Posted to dev@opennlp.apache.org by Jörn Kottmann <ko...@gmail.com> on 2013/10/22 21:04:06 UTC

Instantiation of an EntityLinker

Hi all,

the EntityLinker is created by the EntityLinkerFactory, and that one 
requires an
EntityLinkerProperties object, which defines the EntityLinker instance 
that is supposed
to be created.

The EntityLinkerProperties object can only be created from a file, I 
suggest that we
extend this so it can be created from an InputStream as well, similar 
how it is possible
with our other models (can be created form InputStream, File and URL).

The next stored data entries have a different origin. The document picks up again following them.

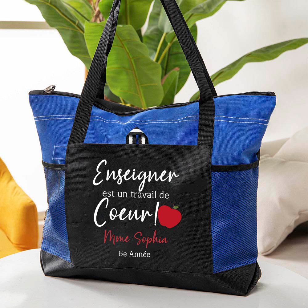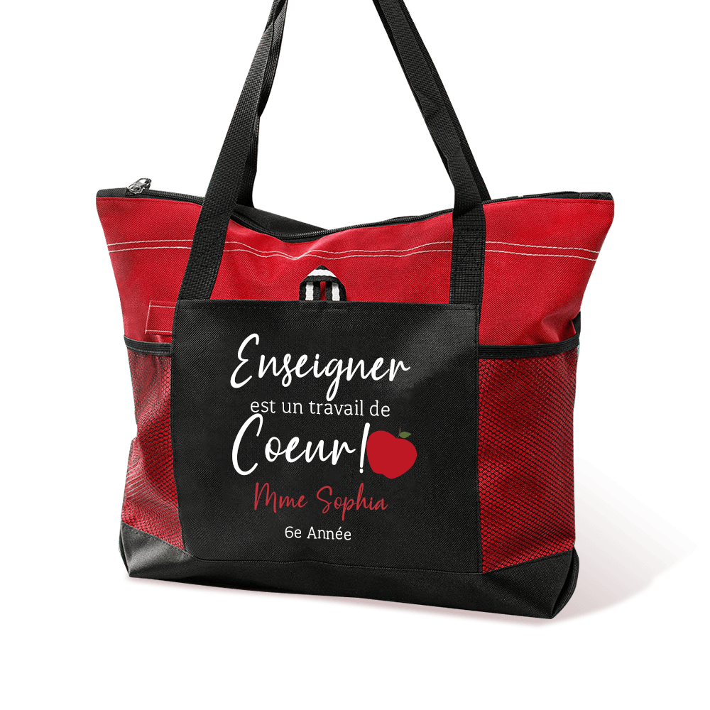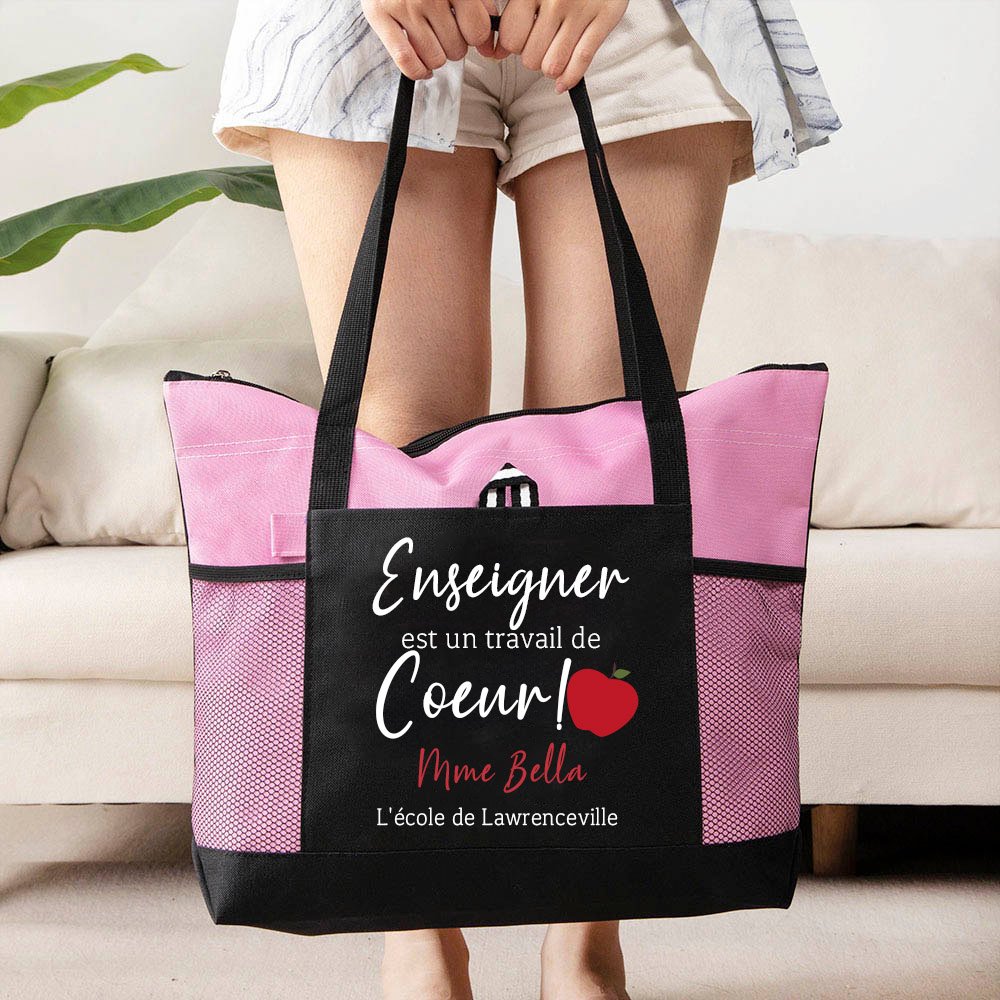 La phrase "L'enseignement est une œuvre de cœur" résume parfaitement la passion, le dévouement et l'amour que les enseignants apportent chaque jour à leur classe. Le motif de la pomme sur ce sac fourre-tout n'est pas seulement adorable, il symbolise aussi la connaissance et la croissance. C'est une façon délicieuse de montrer votre amour de l'enseignement et d'inspirer vos élèves pour qu'ils atteignent leur plein potentiel. Les couleurs vives et l'attention portée aux détails ajoutent une touche supplémentaire à votre look de tous les jours, faisant de ce sac un accessoire remarquable.
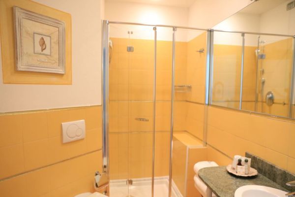 DOPPIA CLASSIC : Camera per due persone con arredi curati nei minimi dettagli, adatta ad un soggiorno rilassante, bagno con doccia,telefono diretto, piccolo frigo, Tv Sat, cassaforte, asciugacapelli, aria condizionata, wi-fi. Balcone oppure accesso diretto al giardino comune.
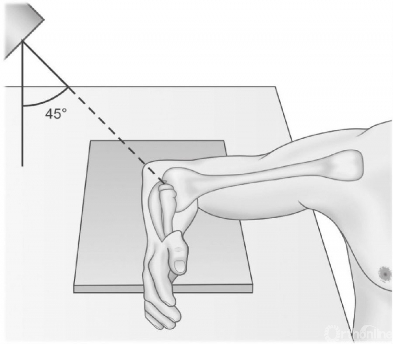 为避免这个情况,Greenspan和Norman介绍了肱桡位片(图6和图7)。这个位置可以把桡骨头及冠突区分开,可以提供清晰的冠突、桡骨头、肱桡关节和上尺桡关节。有时普通的X线片难以提供完全确切的诊断依据,这就需要行CT扫描或MRI检查。
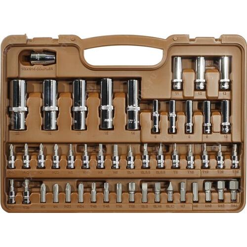 Удлинитель для торцевых головок (квадрат 1/2" M -> F), Удлинитель для торцевых головок (квадрат 1/4" M -> F), Кардан (квадрат 1/2" M -> F), Кардан (квадрат 1/4" M -> F), Переходник для торцевых головок (квадрат 3/8" F -> квадрат 1/2" M), Вороток Т-образный для торцевых головок 1/2", Вороток Т-образный для торцевых головок 1/4", Отвертка-вороток для торцевых головок (квадрат 1/4" M), Ключ трещотка для торцевых головок 1/4", Ключ трещотка для торцевых головок 1/2", Торцевые головки 1/4", Торцевые головки 1/2", Адаптер для бит (квадрат 1/2" F -> шестигранник 5/16" F), Вставки (биты) 5/16", Биты под квадрат 1/4" (биты-насадки), Шестигранный ключ (Г-образный)
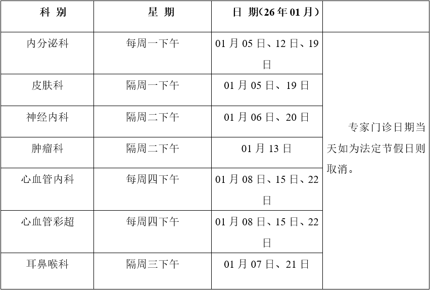 中国科学技术大学附属第一医院(安徽省立医院)专家2026年1月到校医院专家门诊时间
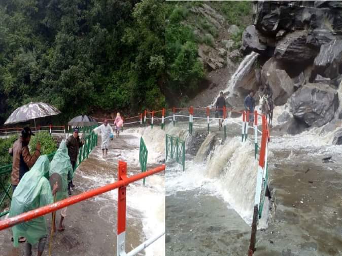 बीते रविवार को हुई मूसलाधार बारिश के बाद से पैदल मार्ग पर भीमबली में बरसाती झरने का प्रवाह बढ़ गया है। यहां पर पहाड़ी से पानी का सैलाब रास्ते में बह रहा है। यहां पर डीडीएमए द्वारा रास्ते के किनारे रैलिंग लगाई गई है।
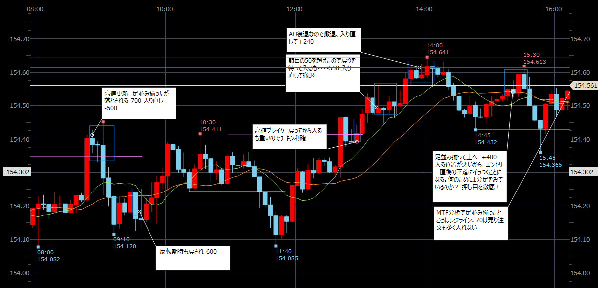 早い時間に2,000円ちかくやられたので…トレンドは出ていないが傍観できないので小さく取り戻しにいく。こういう相場ほど、押し目買いの徹底を。上がったところで入るから下降にイラつくことになる。この差は大きい。

Additionally I propose that we only have one method to create one 
EntityLinker at a time which as the only
parameter takes the properties file, all the settings can be stored 
inside it. That would make it
easier for me to integrate the EntityLinker, because all that is needed 
to create it is the properties
file and no further configuration parameters.

For example:
EntityLinker createEntityLinker(EntityLinkerProperties) throws IOException

Is there a good reason to create multiple EntityLinkers with the same call?

Any opinions?

Jörn

Re: Instantiation of an EntityLinker

Posted by Mark G <gi...@gmail.com>.

Thanks for the feedback Joern, here are my thoughts:
Totally agree about the inputstream and file overloads for EntityLinker
properties, I should update that immediately.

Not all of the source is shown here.